Work item:
Using the listing below, print the line containing "- Release the", the line containing "- 수령방법 선택 : 온라인발급(본인출력", and each line between them, exactly and nothing else. Pictures stay out of the print.

Material for this task:

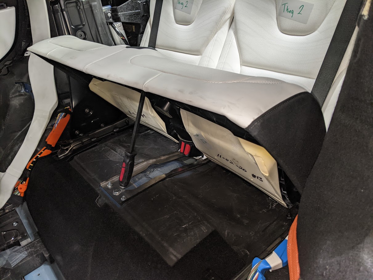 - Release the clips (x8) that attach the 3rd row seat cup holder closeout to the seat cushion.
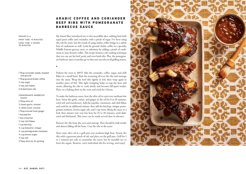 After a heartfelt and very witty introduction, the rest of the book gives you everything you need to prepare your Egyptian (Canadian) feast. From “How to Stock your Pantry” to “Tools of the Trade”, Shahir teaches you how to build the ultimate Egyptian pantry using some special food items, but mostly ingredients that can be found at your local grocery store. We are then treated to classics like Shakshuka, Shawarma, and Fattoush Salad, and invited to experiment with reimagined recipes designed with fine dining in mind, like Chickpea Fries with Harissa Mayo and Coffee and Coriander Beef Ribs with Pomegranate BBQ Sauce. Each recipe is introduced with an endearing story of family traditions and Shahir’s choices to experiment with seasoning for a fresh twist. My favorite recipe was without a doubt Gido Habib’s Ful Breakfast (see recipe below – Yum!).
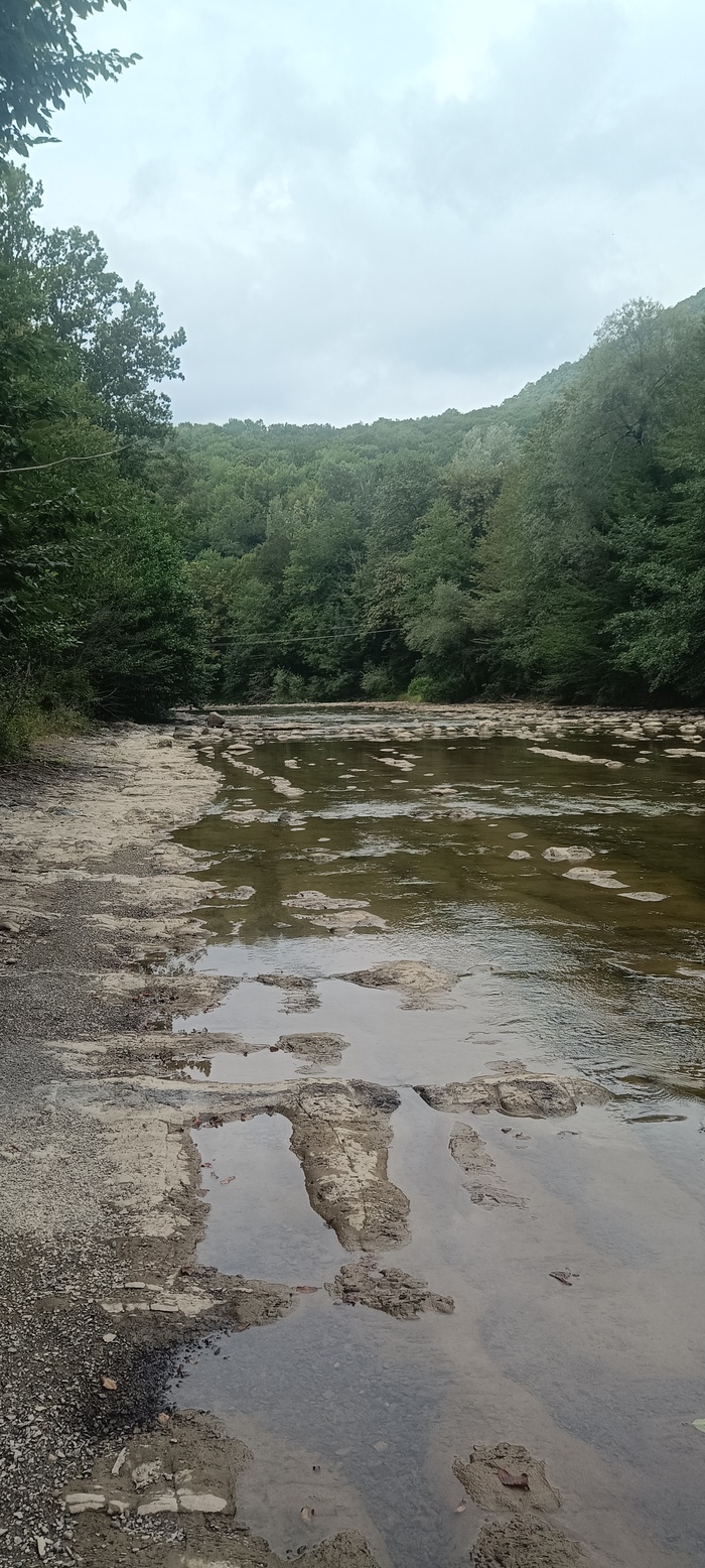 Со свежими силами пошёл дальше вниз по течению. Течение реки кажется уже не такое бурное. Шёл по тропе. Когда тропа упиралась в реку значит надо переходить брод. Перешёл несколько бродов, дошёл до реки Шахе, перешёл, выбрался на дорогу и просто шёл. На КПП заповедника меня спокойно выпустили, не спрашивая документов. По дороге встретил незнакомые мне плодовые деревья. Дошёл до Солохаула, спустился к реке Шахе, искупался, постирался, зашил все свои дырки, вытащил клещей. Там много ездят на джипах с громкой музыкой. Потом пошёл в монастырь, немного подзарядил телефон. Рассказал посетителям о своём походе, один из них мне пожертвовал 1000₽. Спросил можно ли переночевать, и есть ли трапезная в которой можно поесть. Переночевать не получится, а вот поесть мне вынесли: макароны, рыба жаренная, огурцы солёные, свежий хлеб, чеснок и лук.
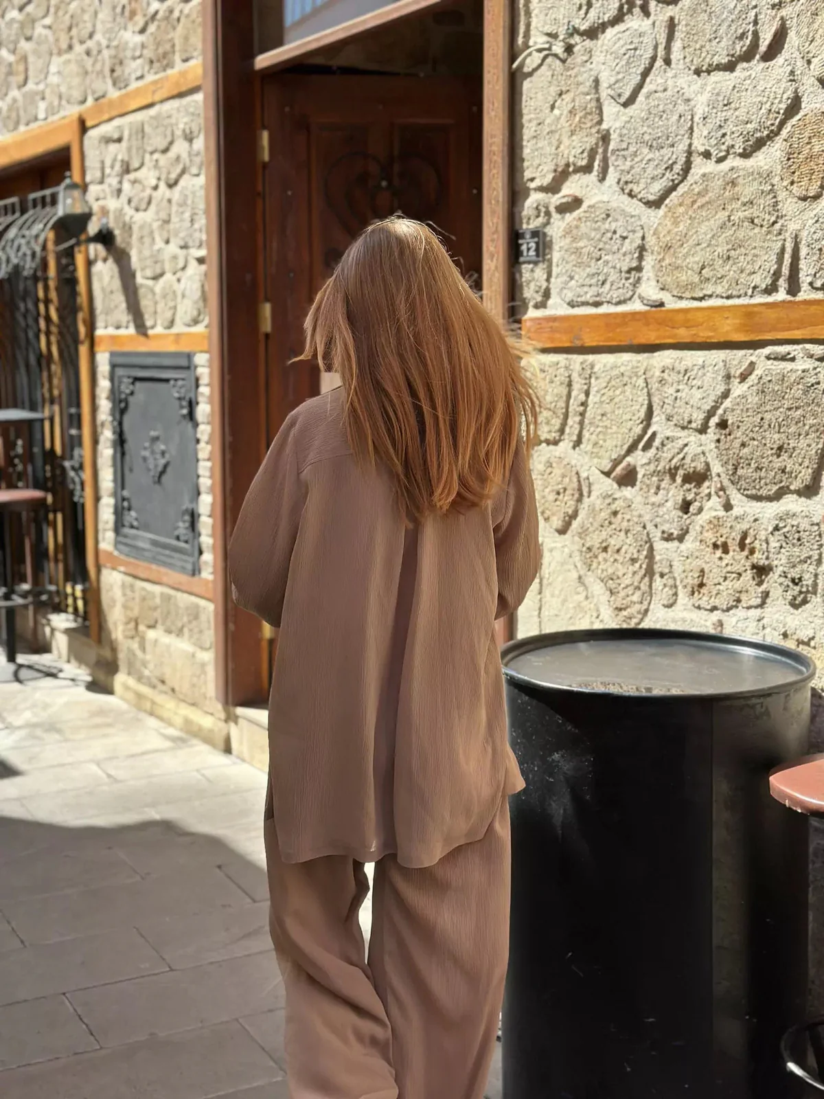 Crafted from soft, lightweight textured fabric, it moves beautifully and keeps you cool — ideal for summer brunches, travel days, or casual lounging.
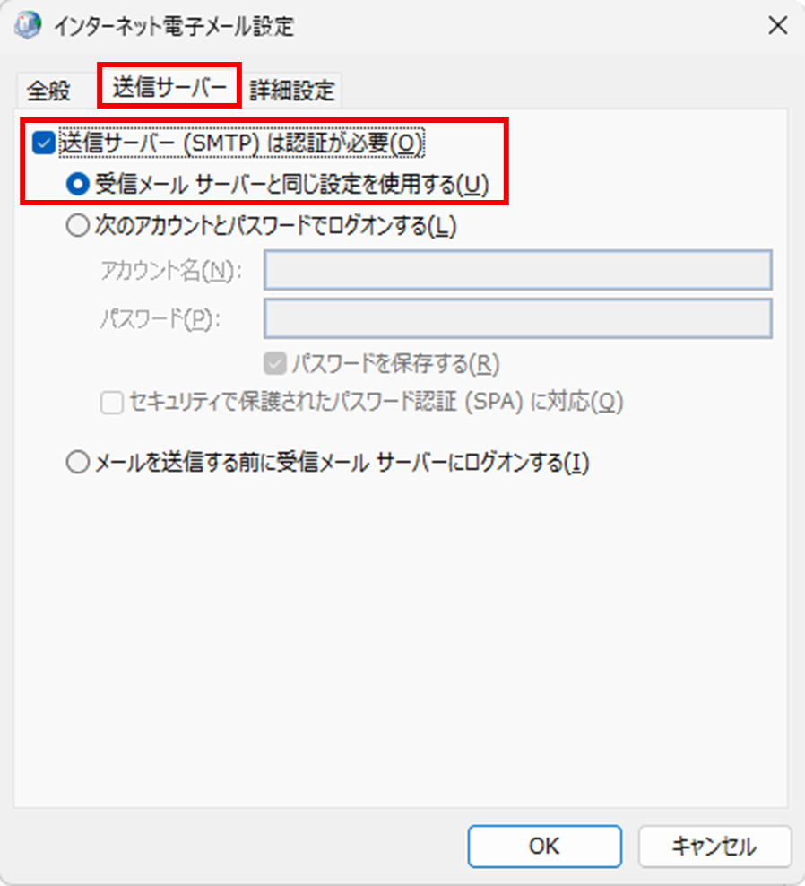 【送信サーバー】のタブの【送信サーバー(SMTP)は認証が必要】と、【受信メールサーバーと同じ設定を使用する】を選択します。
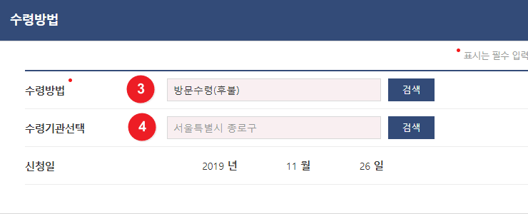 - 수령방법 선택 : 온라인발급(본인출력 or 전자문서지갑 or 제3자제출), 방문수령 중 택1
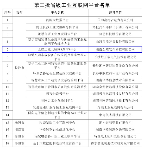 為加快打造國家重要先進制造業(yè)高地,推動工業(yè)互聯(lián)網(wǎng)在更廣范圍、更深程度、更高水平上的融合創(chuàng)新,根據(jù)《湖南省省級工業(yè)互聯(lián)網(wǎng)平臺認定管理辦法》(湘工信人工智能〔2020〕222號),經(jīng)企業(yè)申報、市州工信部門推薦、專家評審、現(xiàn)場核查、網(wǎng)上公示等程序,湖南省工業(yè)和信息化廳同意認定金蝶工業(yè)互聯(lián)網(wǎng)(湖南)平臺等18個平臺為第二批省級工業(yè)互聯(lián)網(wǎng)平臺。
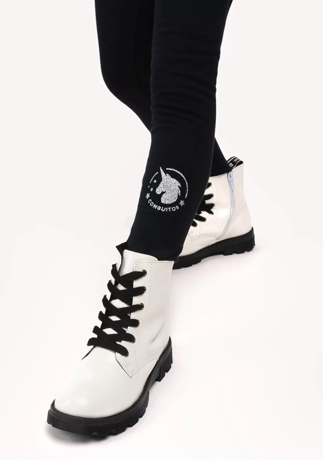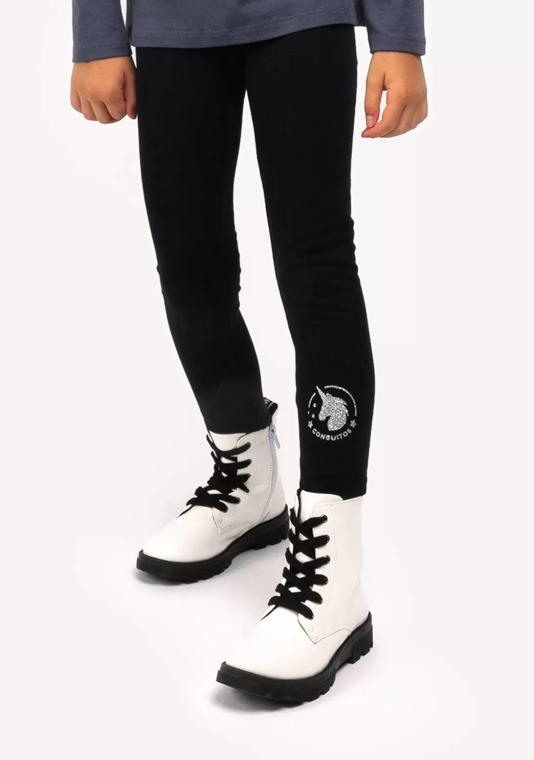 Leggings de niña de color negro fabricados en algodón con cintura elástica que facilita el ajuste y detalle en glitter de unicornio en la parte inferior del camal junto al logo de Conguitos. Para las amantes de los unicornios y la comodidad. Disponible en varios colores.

==

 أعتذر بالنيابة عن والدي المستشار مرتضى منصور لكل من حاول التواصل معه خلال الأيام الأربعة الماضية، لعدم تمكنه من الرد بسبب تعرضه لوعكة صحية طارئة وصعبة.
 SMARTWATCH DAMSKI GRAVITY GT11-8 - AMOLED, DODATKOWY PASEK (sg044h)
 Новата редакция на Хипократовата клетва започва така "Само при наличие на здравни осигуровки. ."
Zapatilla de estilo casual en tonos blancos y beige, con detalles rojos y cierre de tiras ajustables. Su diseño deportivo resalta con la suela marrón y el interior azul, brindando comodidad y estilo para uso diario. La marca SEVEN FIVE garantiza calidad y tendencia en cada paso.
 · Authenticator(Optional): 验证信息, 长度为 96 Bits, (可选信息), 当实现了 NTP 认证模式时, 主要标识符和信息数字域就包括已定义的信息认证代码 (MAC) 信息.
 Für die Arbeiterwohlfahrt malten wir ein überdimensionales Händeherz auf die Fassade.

Result for this task:
 - Release the clips (x8) that attach the 3rd row seat cup holder closeout to the seat cushion.
 After a heartfelt and very witty introduction, the rest of the book gives you everything you need to prepare your Egyptian (Canadian) feast. From “How to Stock your Pantry” to “Tools of the Trade”, Shahir teaches you how to build the ultimate Egyptian pantry using some special food items, but mostly ingredients that can be found at your local grocery store. We are then treated to classics like Shakshuka, Shawarma, and Fattoush Salad, and invited to experiment with reimagined recipes designed with fine dining in mind, like Chickpea Fries with Harissa Mayo and Coffee and Coriander Beef Ribs with Pomegranate BBQ Sauce. Each recipe is introduced with an endearing story of family traditions and Shahir’s choices to experiment with seasoning for a fresh twist. My favorite recipe was without a doubt Gido Habib’s Ful Breakfast (see recipe below – Yum!).
 Со свежими силами пошёл дальше вниз по течению. Течение реки кажется уже не такое бурное. Шёл по тропе. Когда тропа упиралась в реку значит надо переходить брод. Перешёл несколько бродов, дошёл до реки Шахе, перешёл, выбрался на дорогу и просто шёл. На КПП заповедника меня спокойно выпустили, не спрашивая документов. По дороге встретил незнакомые мне плодовые деревья. Дошёл до Солохаула, спустился к реке Шахе, искупался, постирался, зашил все свои дырки, вытащил клещей. Там много ездят на джипах с громкой музыкой. Потом пошёл в монастырь, немного подзарядил телефон. Рассказал посетителям о своём походе, один из них мне пожертвовал 1000₽. Спросил можно ли переночевать, и есть ли трапезная в которой можно поесть. Переночевать не получится, а вот поесть мне вынесли: макароны, рыба жаренная, огурцы солёные, свежий хлеб, чеснок и лук.
 Crafted from soft, lightweight textured fabric, it moves beautifully and keeps you cool — ideal for summer brunches, travel days, or casual lounging.
 【送信サーバー】のタブの【送信サーバー(SMTP)は認証が必要】と、【受信メールサーバーと同じ設定を使用する】を選択します。
 - 수령방법 선택 : 온라인발급(본인출력 or 전자문서지갑 or 제3자제출), 방문수령 중 택1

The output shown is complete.